WHAT THE EXERCISE ASKS: Write out the lines below exactly, beginning at the one with "为深入学习贯彻习近平总书记对" and stopping after the one with "Couverture De Jour"; the pictures are not copied.

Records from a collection
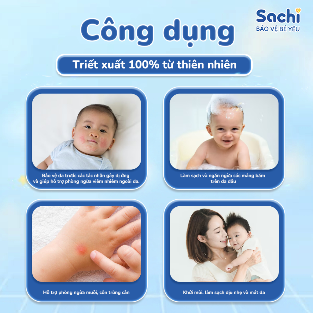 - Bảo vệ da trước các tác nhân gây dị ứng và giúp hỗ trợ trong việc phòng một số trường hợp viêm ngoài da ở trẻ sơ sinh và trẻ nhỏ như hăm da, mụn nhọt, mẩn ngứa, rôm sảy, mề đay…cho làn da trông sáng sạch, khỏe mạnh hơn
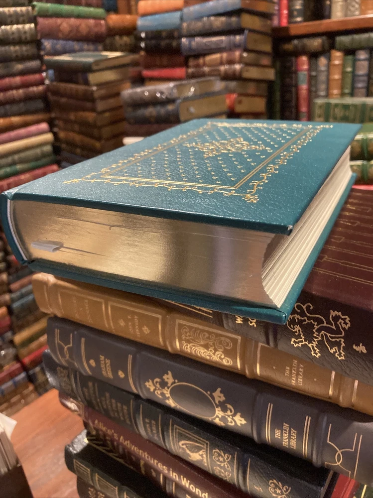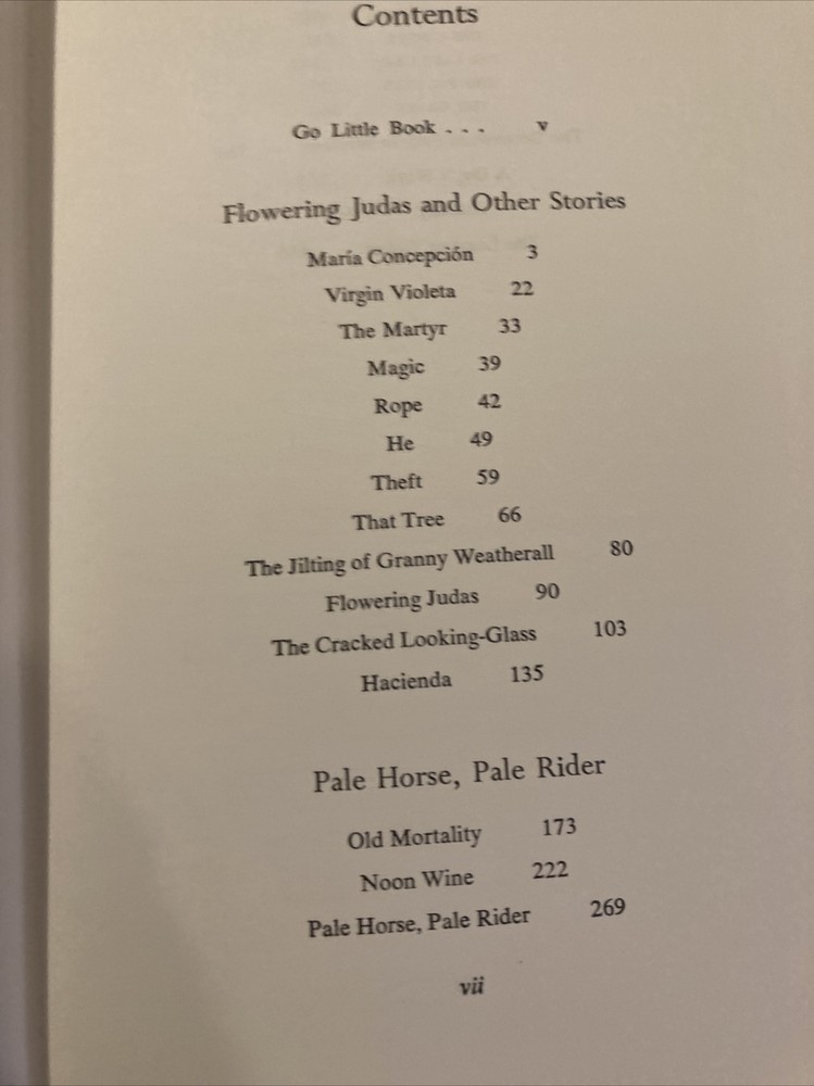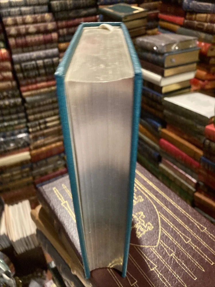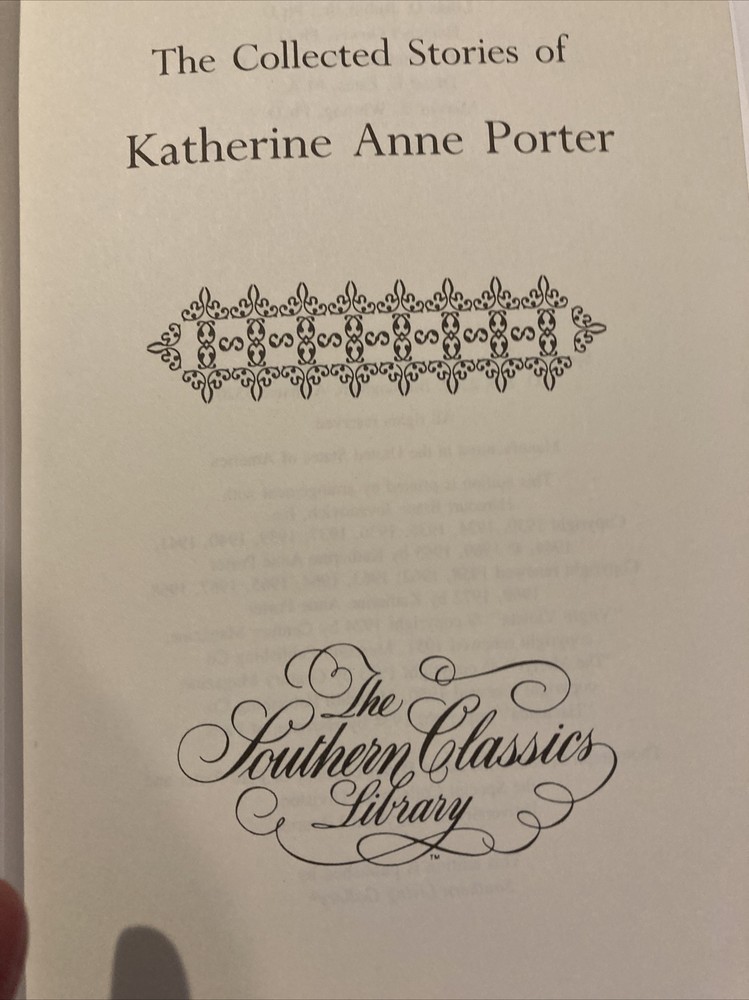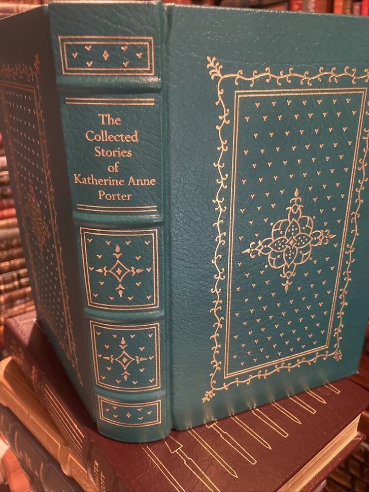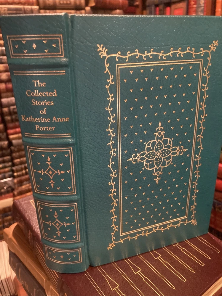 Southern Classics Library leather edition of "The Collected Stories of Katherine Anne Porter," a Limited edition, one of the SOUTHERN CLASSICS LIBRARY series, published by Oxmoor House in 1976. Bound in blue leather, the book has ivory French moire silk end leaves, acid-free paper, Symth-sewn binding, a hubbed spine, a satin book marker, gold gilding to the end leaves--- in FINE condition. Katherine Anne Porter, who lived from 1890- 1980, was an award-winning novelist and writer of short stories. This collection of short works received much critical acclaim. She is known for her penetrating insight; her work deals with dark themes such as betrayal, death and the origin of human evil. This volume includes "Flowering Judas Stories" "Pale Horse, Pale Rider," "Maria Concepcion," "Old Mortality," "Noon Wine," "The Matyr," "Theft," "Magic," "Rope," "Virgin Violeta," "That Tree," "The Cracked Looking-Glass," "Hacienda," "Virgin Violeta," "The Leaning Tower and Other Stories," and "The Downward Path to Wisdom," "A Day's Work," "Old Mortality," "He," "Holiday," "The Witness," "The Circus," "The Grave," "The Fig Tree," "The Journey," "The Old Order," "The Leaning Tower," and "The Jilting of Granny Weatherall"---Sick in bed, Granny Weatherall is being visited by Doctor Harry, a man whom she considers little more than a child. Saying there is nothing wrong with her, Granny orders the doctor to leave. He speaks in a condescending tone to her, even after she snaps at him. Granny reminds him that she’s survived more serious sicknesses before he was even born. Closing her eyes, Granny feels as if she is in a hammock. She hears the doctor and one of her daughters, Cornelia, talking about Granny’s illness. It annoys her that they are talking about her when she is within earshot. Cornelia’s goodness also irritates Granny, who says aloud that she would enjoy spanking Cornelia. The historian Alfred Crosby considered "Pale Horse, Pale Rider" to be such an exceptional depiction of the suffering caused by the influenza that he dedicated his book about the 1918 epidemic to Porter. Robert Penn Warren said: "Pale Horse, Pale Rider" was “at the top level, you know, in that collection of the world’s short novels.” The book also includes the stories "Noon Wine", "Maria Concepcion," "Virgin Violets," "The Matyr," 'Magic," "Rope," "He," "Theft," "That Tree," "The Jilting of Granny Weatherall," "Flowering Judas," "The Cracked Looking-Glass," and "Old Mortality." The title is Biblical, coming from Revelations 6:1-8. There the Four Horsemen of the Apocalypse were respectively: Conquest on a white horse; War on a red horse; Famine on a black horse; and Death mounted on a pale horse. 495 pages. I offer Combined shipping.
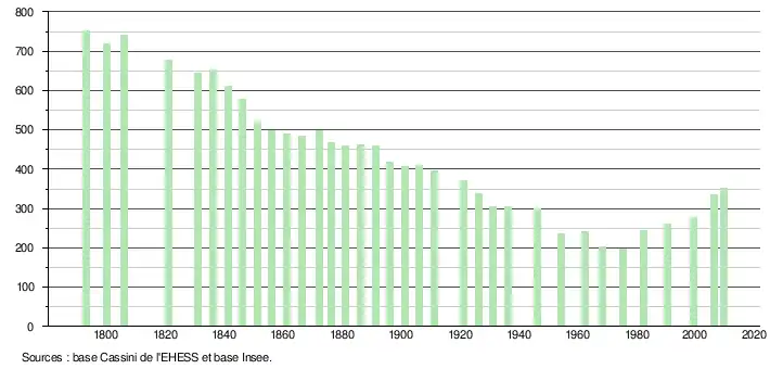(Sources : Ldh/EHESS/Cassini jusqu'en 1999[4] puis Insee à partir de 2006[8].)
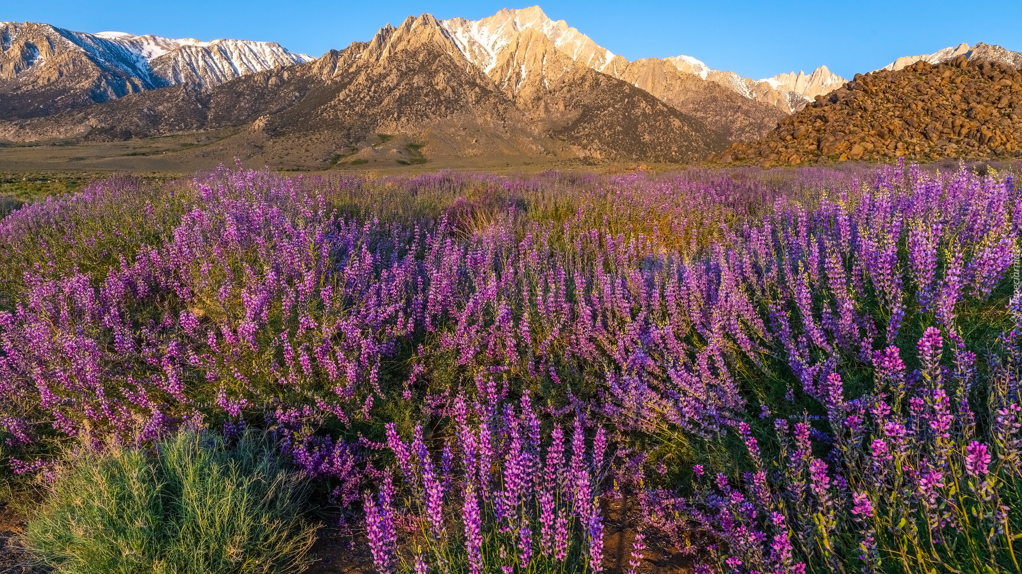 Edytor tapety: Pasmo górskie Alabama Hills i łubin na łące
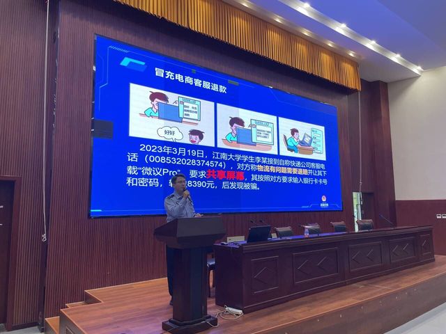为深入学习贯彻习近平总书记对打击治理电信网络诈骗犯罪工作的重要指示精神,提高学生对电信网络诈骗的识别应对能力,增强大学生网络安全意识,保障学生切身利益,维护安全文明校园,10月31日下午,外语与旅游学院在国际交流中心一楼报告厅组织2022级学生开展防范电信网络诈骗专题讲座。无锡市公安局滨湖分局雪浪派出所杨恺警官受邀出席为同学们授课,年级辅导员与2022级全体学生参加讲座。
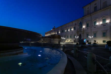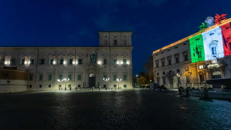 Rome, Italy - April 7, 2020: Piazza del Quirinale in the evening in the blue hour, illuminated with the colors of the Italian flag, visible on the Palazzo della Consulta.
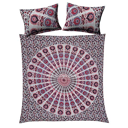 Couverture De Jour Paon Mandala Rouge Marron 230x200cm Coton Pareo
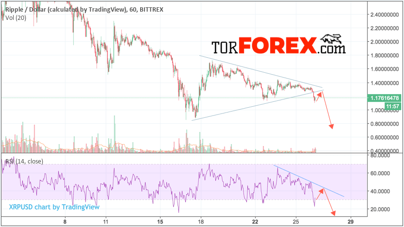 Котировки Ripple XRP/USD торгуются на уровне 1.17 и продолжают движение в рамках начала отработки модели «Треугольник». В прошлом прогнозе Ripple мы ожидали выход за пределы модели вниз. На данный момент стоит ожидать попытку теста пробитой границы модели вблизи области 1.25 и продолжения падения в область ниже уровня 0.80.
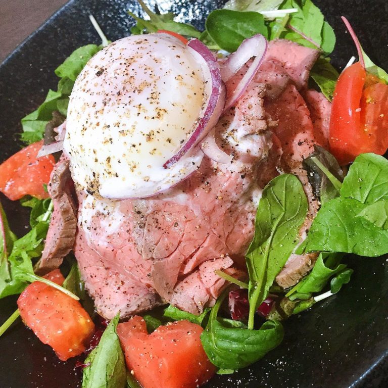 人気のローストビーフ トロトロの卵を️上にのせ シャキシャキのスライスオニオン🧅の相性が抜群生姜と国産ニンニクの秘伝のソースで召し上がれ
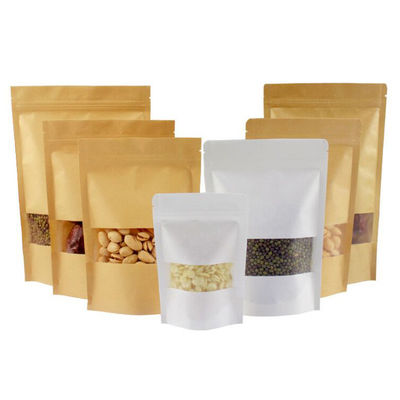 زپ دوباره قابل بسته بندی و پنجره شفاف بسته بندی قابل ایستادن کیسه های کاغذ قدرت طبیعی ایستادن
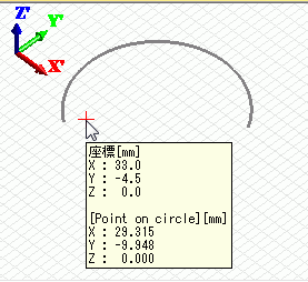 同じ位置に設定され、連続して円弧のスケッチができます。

SOLUTION FOR THIS TASK:
为深入学习贯彻习近平总书记对打击治理电信网络诈骗犯罪工作的重要指示精神,提高学生对电信网络诈骗的识别应对能力,增强大学生网络安全意识,保障学生切身利益,维护安全文明校园,10月31日下午,外语与旅游学院在国际交流中心一楼报告厅组织2022级学生开展防范电信网络诈骗专题讲座。无锡市公安局滨湖分局雪浪派出所杨恺警官受邀出席为同学们授课,年级辅导员与2022级全体学生参加讲座。
 Rome, Italy - April 7, 2020: Piazza del Quirinale in the evening in the blue hour, illuminated with the colors of the Italian flag, visible on the Palazzo della Consulta.
 Couverture De Jour Paon Mandala Rouge Marron 230x200cm Coton Pareo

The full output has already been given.